«С другой стороны, весь пространственно-временной мир,
к которому, в качестве отдельных подчиненных реальностей, причисляются также и человек, и человеческое „я", — это по своему смыслу лишь простое интенциональное бытие, т. е. такое бытие, которое обладает лишь относительным, вторичным смыслом бытия для сознания». то есть,так называемый реальный мир есть лишь следствие наших волений (=желаний), которые могут быть прекращены, и подлежат прекращению. Вместе с ними исчезает и «реальный мир»: остаётся чистое сознание, в котором «Я» просто есть: бытует, не вовлекаясь в несуществования. И это «чистое сознание» вовсе не человеческое сознание, известное психологии, но абсолютное Бытие, Праматерь всего; соответственно, феноменологическая рефлексия не есть рефлексия сознания в привычном смысле слова, но - бытие в Абсолюте, вне мира и человека: вне себя как человека и мира. Гуссерль так пишет об этом: «Каждый может, правда, осуществлять рефлексию, и каждый в своем сознании может схватывать рефлексию своим постигающим взором; однако, не этим совершается феноменологическая рефлексия, и схваченное сознание — это еще не чистое сознание. Лишь радикальные рассуждения в духе уже проведенных нами позволяют нам пробиться к пониманию того, что вообще есть нечто подобное полю трансцендентально чистого сознания, что вообще может быть нечто подобное, то, что не составляет часть природы, реального мира — настолько не составляет их часть, что сама природа возможна лишь как интенциональное единство, мотивируемое имманентными взаимосвязями чистого сознания». «И феноменологическая редукция в свою очередь не означает, что мы просто ограничиваем свои суждения неким взаимосвязным фрагментом целого действительного бытия — чистым сознанием в психическом смысле слова». «Сущностно иначе обстоит дело с областью переживаний как абсолютных сущностей. Эта область есть всеприсутствие абсолютного бытия …. По своей сущности эта область независима от любого мирского, природного бытия и не нуждается в нем даже и для своего существования».Итак, мы вновь и вновь убеждаемся, что вся «феноменология» Гуссерля представляет собой более или менее развёрнутое толковое изложение философии Махаяны, и её созерцательной практики. Тем не менее, феноменологию Гуссерля нельзя признать тождественной философии Махаяны, поскольку из последней изъят моральный пафос буддизма, связанный с концепцией кармы
и нирваны, как освобождения от кармы. Гуссерль подменяет эти цели другими, – проецируя концепцию Махаяны в ценности европейской философии Нового Времени. И, поскольку философия Нового Времени есть, по преимуществу гносеология, постольку вершиной феноменологических усилий становится вершина познания, а именно, познание сущностей, путём их непосредственного усмотрения через феноменологическую редукцию. Третий, завершающий раздел второй главы «Идей чистой феноменологии» Гуссерль открывает следующей знаменательной фразой:«Если мы будем соблюдать нормы, предписываемые нам феноменологическими редукциями, если мы в точном соответствии с их требованиями выключим все трансценденции и, следовательно, станем брать переживания в их чистоте по их собственной сущности, то перед нами откроется, согласно вышеизложенному, поле эйдетического познания
…».Этим Гуссерль возрождает гностический идеал, лаконично обрисованный арабским мистиком Зу-н-Нуном: «Гностики видят без знания, без зрения, не получая никаких сведений, и без наблюдения, без завешивания, и без завесы». Разве это не описание феноменологической редукции?

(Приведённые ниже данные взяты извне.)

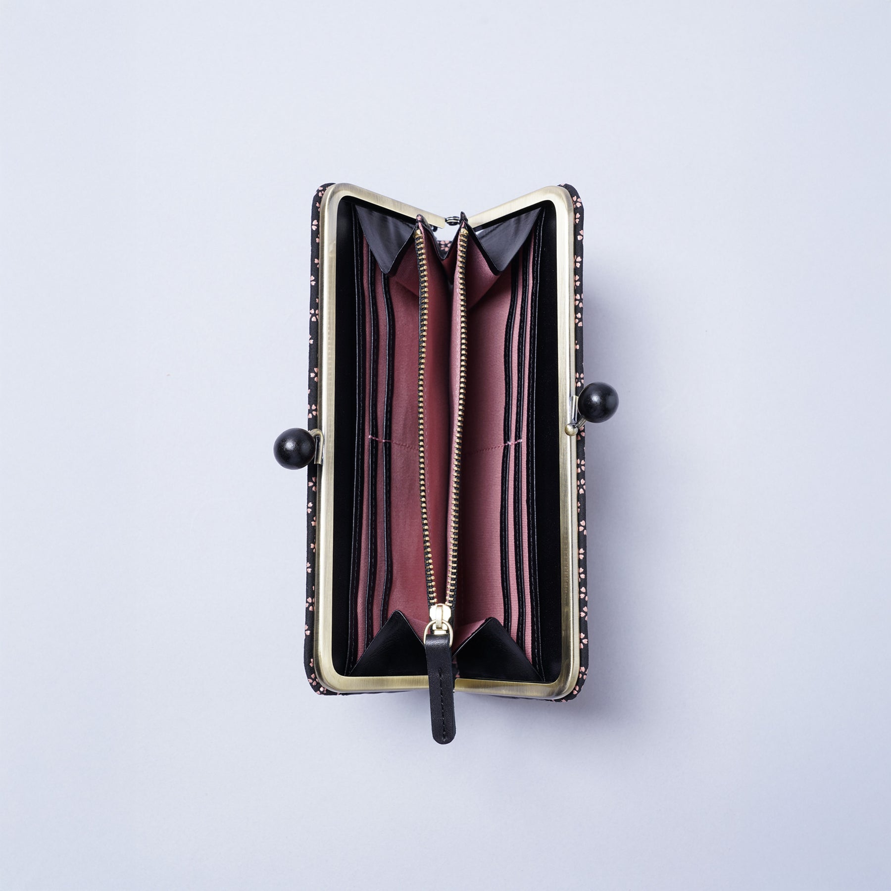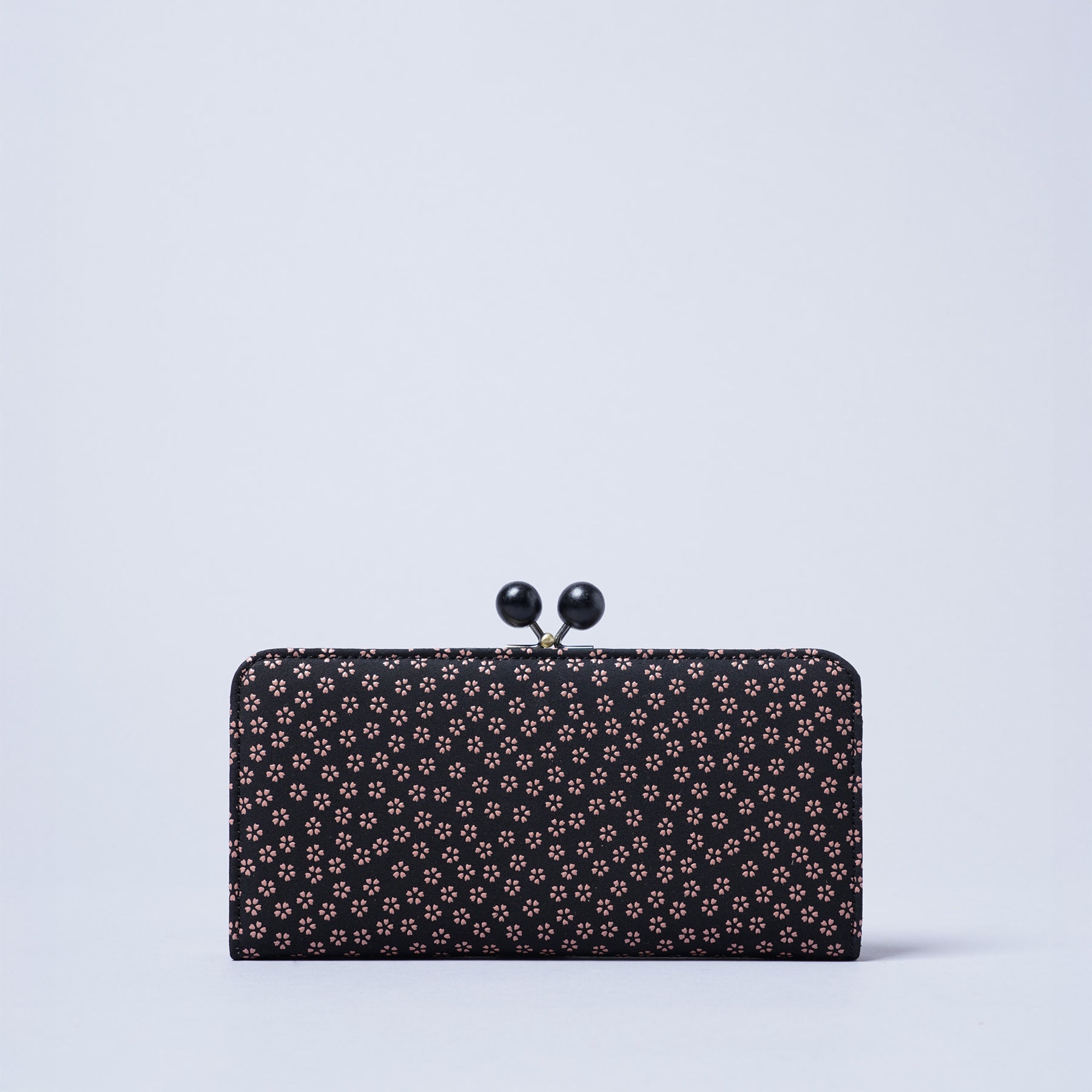 本シリーズでは木製で大きめのらっきょう玉と真鍮色の金具が上品なバランスで仕立てられたがま口を使用しています。らっきょう玉は大きいながらも軽いものを使用しているので全体の重みには影響しないのが嬉しいポイント。深い色味と木目仕様が和風をさらに演出したアクセントになっています。

И само бытие, с лёгкой руки Декарта, трактуется Гуссерлем как познание. Так, в его «Амстердамских докладах» мы читаем: «Истинное бытие есть для нас обозначение действительных или возможных результатов познания». Этими результатами должны явиться непосредственные усмотрения сущностей. Каковое усмотрение - несомненно, пустая цель, доставшаяся в наследство от Возрождения. Своего рода «учёная готика». Ретроспективно, Гуссерль со своей феноменологией в ХХ–м веке представляется анахронизмом: незрелой личностью, компенсирующей своё отставание от времени претенциозными философскими построениями, которые, в основе своей, являются заимствованными у буддийской философии, без отсылки к последней.
Несмотря на всё наше уважение к себе самим, мы всё-таки не можем сказать на этом этапе нашей критики, что мы поняли Гуссерля. Его результаты могут быть правильно освещены только в свете его намерений. И, возможно важнейшим аспектом его намерений было решение так называемой «трансцендентальной проблемы», которая, после принятия картезианской очевидности субъективного бытия, так формулируется Гуссерлем: «Как же я, познающий, могу правомерно выходить за пределы состава собственных переживаний, которые одни даны мне с непосредственной очевидностью?».